Gradient clipping deserves special attention because it is one of the few techniques that almost every modern training recipe uses unchanged. Pascanu, Mikolov, and Bengio (2013) showed that the loss surface of recurrent networks contains "cliffs" where the gradient magnitude can grow by orders of magnitude in a single step, and that simply rescaling the gradient when its norm exceeds a fixed threshold is enough to make training stable. The same trick is now standard for transformers, with PyTorch exposing it as torch.nn.utils.clip_grad_norm_(params, max_norm=1.0).

distributed parameter updates

When a model is trained across multiple GPUs or nodes, the parameter update has to be coordinated. The dominant strategies are summarized below.

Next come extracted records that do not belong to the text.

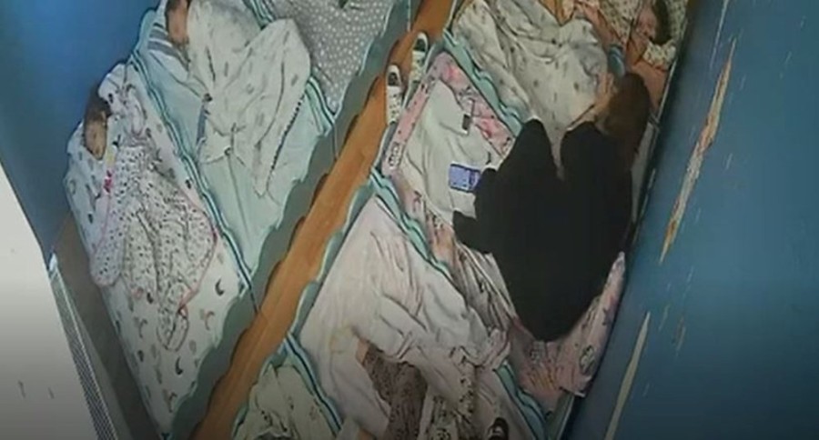 Görüntülerde öğretmen Betül K.'nin bebeğe tokat attığı ve ardından battaniye ile üzerini kapatarak uyutmaya çalıştığı görüldü.
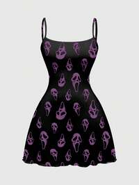 Goth Vestido de mujer gótico, oscuro, de Halloween, de San Valentín, con esqueleto blanco y negro, transparente, tipo bustier, sin mangas, punk, de calle, sexy, sin espalda, sin mangas ROMWE Avant Vestido mini con estampado impreso, adecuado para primavera/verano, festivales de música, geisha, caligrafía china, nuevo estilo chino, sexy, gótico oscuro, calle, vintage, top tubo
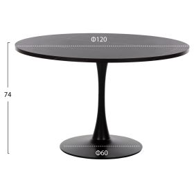 ΗΜ9422.02--Σας παρουσιάζουμε ένα μοντέρνο στρογγυλό τραπέζι για τραπεζαρία (ροτόντα δηλαδή), με επιφάνεια μελαμίνης σε ΜΑΥΡΟ ΜΑΡΜΑΡΟ χρώμα. Η επιφάνεια στηρίζεται σε μια μεταλλική ΜΑΥΡΗ κολώνα κυλινδρική η οποία έχει τις κατάλληλες διαστάσεις για να υποστηρίξει επαρκώς το τραπέζι. Τα τραπέζια ροτόντες είναι ιδιαιτέρως πρακτικά και όμορφα γιατί δεν έχουν κορυφές και «αρχηγούς», ούτε και γωνίες ή πόδια που, πολλές φορές, δημιουργούν άβολες καταστάσεις. Τέλος, η συγκεκριμένη ροτόντα είναι σε ικανοποιητική διάσταση πράγμα που την καθιστά σημείο αναφοράς για την τραπεζαρία σας.
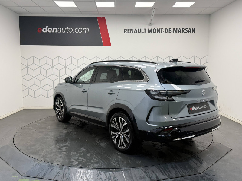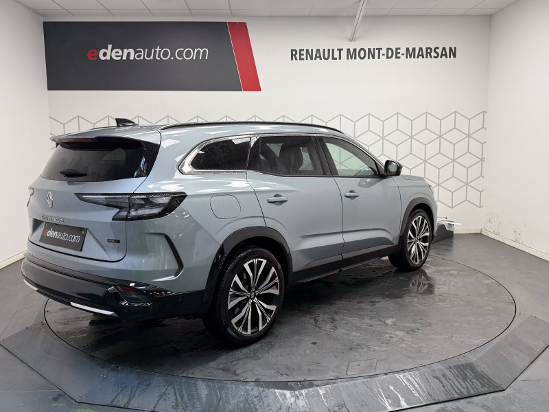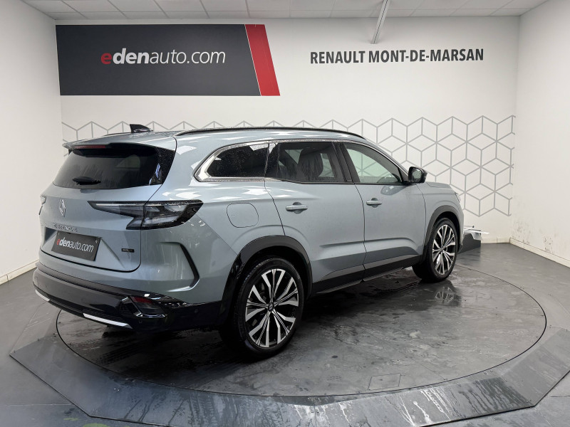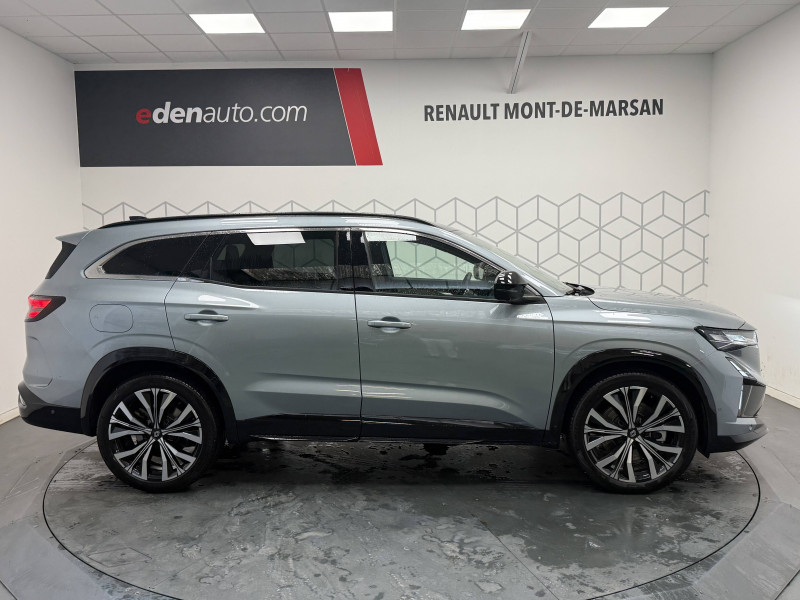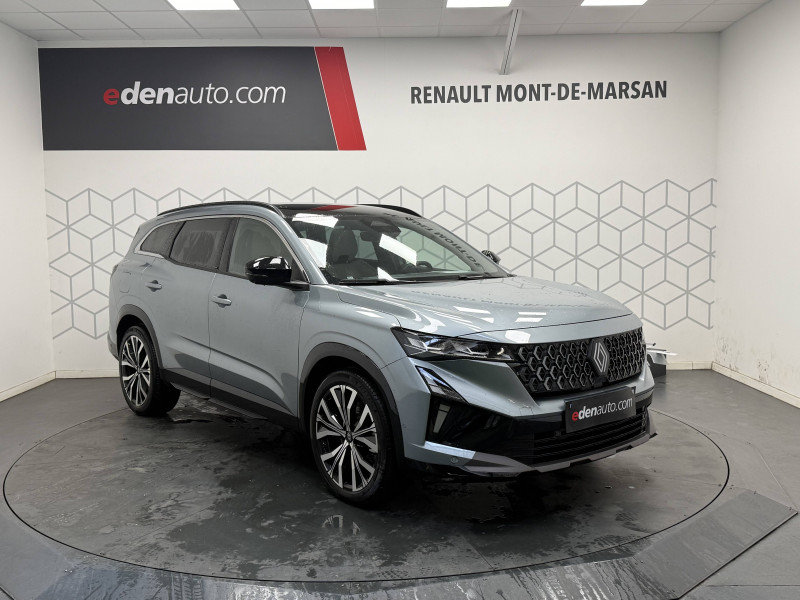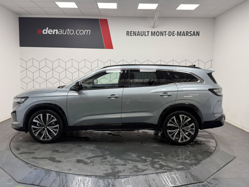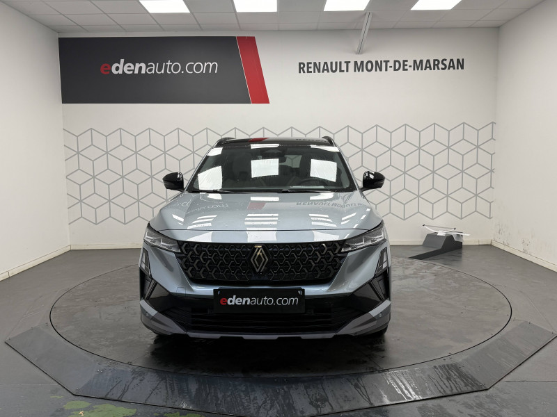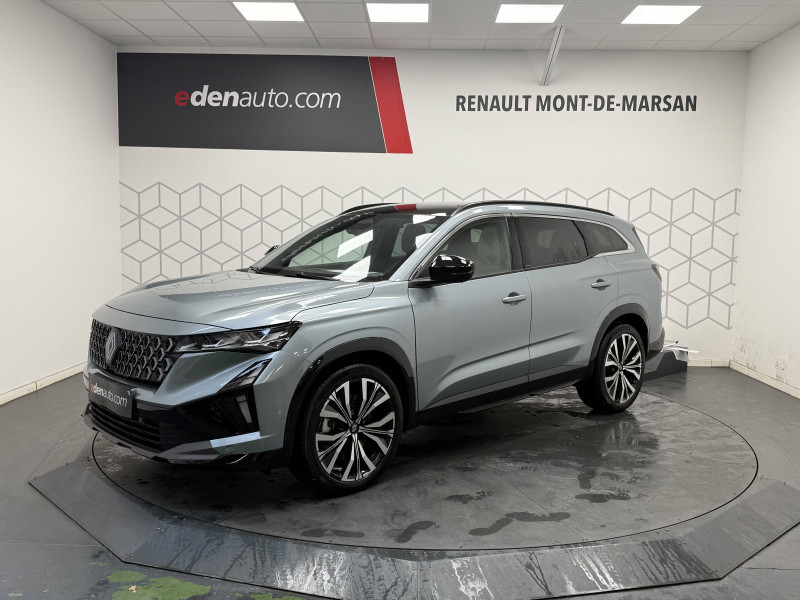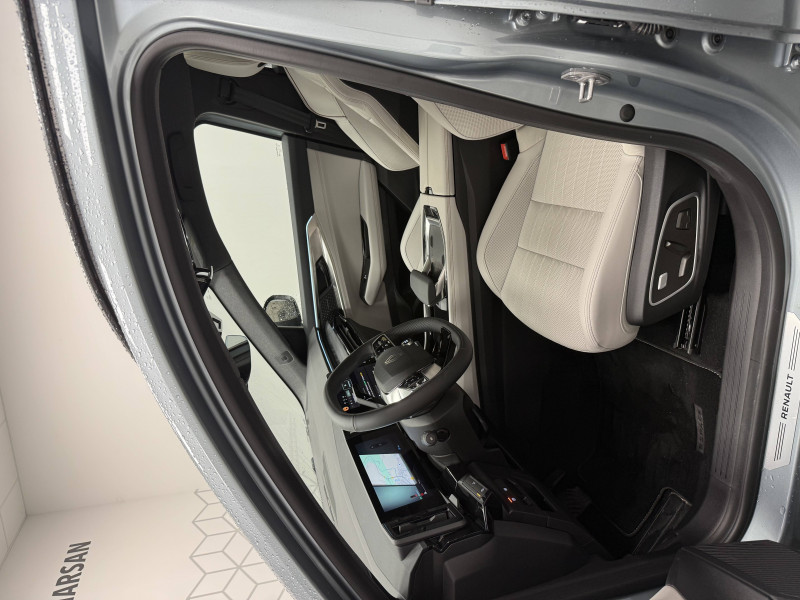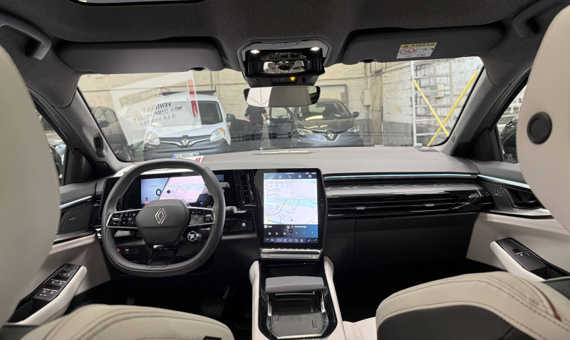 2 prises USB-C à l'AV et à l'AR / 4Control advanced / 5 places / Active driver assist régulateur de vitesse adaptatif intelligent + centrage dans la voie / Alerte de distance de sécurité / Alerte détection de fatigue / Alerte franchissement de ligne et assistant maintien dans la voie / Assistance de conduite avec une remorque / Avertisseur d'angle mort et prévention sortie de voie en cas de dépassement / Avertisseur de sortie de stationnement en marche AR avec freinage d'urgence automatique / Banquette AR coulissante 1/3-2/3 avec dossier 40/20/40 / Barres de toit longitudinales / Boîte de vitesse hybride multimode 6 rapports / Caméra 3D vision 360° / Carte Renault accès et démarrage mains libres / Ciel de toit gris anthracite / Clignotants AR dynamiques / Conduite prédictive (gestion de l'énergie de la batterie) / Console de toit avec porte-lunettes / Contrôle de la traction (TCS) / Détection intelligente des limitations de vitesse et prévention survitesse / Eclairage d'accompagnement au sol avec projection logo / Feux AR à LED avec effet 3D / Feux LED adaptive vision (avec fonction antibrouillard intégrée) / Frein de parking électrique avec fonction Auto-Hold / Hayon motorisé main libre / Intérieur Iconic gris / Jantes alliage 20" Effie diamantées noir / Lumière d'ambiance personnalisable / Maintenance connectée, incluse pendant 8 ans / Miroir de surveillance enfants / Mise à jour système (via firmware over the air FOTA), inclus pendant 5 ans / Multi-sense / My Safety switch (raccourci vers configuration personnalisée des aides à la conduite) / Notice d'utilisation digitale embarqué dans le système multimédia du véhicule / Pack connected driving, inclus pendant 5 ans / Pack contrôle à distance (via l'application My Renault), inclus pendant 5 ans / Parking mains-libres (inclus aides au parking AV, AR et latérale) / Prédisposition éthylotest / Rétroviseur intérieur électrochrome sans cadre / Rétroviseurs extérieurs électriques à mémoire, dégivrants, rabattables automatiquement / Sellerie mixte tissu gris / textile enduit grainé clair / Seuil de portes / Sièges AV électriques à mémoire avec réglage et massage lombaire conducteur / Sortie sécurisée des occupants / Système de reconnaissance du conducteur / Système ISOFIX sur siège passager & 2 places rang 2 / Système Multimédia openR link 12" : navigation, services Google, audio Arkamys Auditorium / Tableau de bord full numérique 12,3'' / Volant chauffant / Volume de coffre augmenté de 100 l (norme VDA)
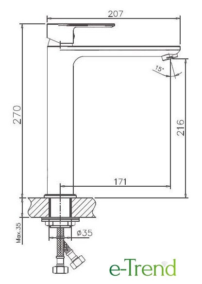 | Длина (вылет) излива | 171 мм |
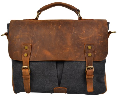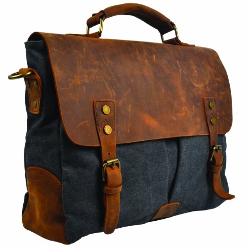 - Title : Hynes Eagle Men's Vintage Cool Leisure Business Canvas Genuine Leather Laptop Messenger Handbag/Briefcase
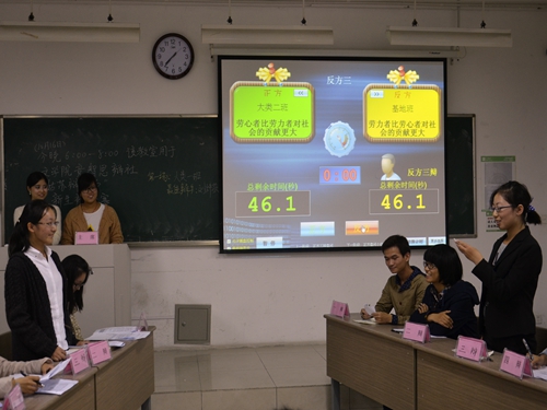 稍作休息,精彩不停。第二场辩论赛接踵而至。辩题为“劳心者与劳力者谁对社会的贡献大”。正方文院大类二班辩题为劳心者贡献更大,反方文院基地班辩题为劳力者贡献更大。在辩论中,实践与认识的关系,劳力者和劳心者的定义都被多次提及。双方各执一词,引经据典,多次碰撞使观众领略到了辩论的美。之后评委分别就两次辩论赛进行精彩点评。

Strategy	What is shared	Communication
Data parallel (DDP)	full parameters, gradients, and optimizer state on every GPU	All-reduce of gradients per step
ZeRO stage 1	parameters and gradients replicated; optimizer state sharded	Reduce-scatter of gradients, all-gather of updated weights
ZeRO stage 2	parameters replicated; gradients and optimizer state sharded	Same as stage 1 with smaller buffers
ZeRO stage 3 / FSDP	parameters, gradients, and optimizer state all sharded	All-gather parameters before each layer's compute, reduce-scatter gradients
Pipeline parallel	layers split across devices	Activations and gradients passed between stages; micro-batches stagger updates
Tensor parallel	individual matrices split across devices	All-reduce inside each layer

Rajbhandari et al. (2020) introduced ZeRO (Zero Redundancy Optimizer) in DeepSpeed. Their key observation was that under standard data parallelism the optimizer state, which for Adam is roughly 8 bytes per parameter for the moments plus 4 bytes for an FP32 master copy, dominates GPU memory at scale. ZeRO partitions that state across the data-parallel workers so each rank holds only 1/N of it, and the same idea extends to gradients (stage 2) and parameters themselves (stage 3). PyTorch's Fully Sharded Data Parallel (FSDP) is the upstream equivalent: it all-gathers parameter shards just before each forward and backward sub-graph runs, then reshards immediately after, and applies the optimizer step to its local shard only.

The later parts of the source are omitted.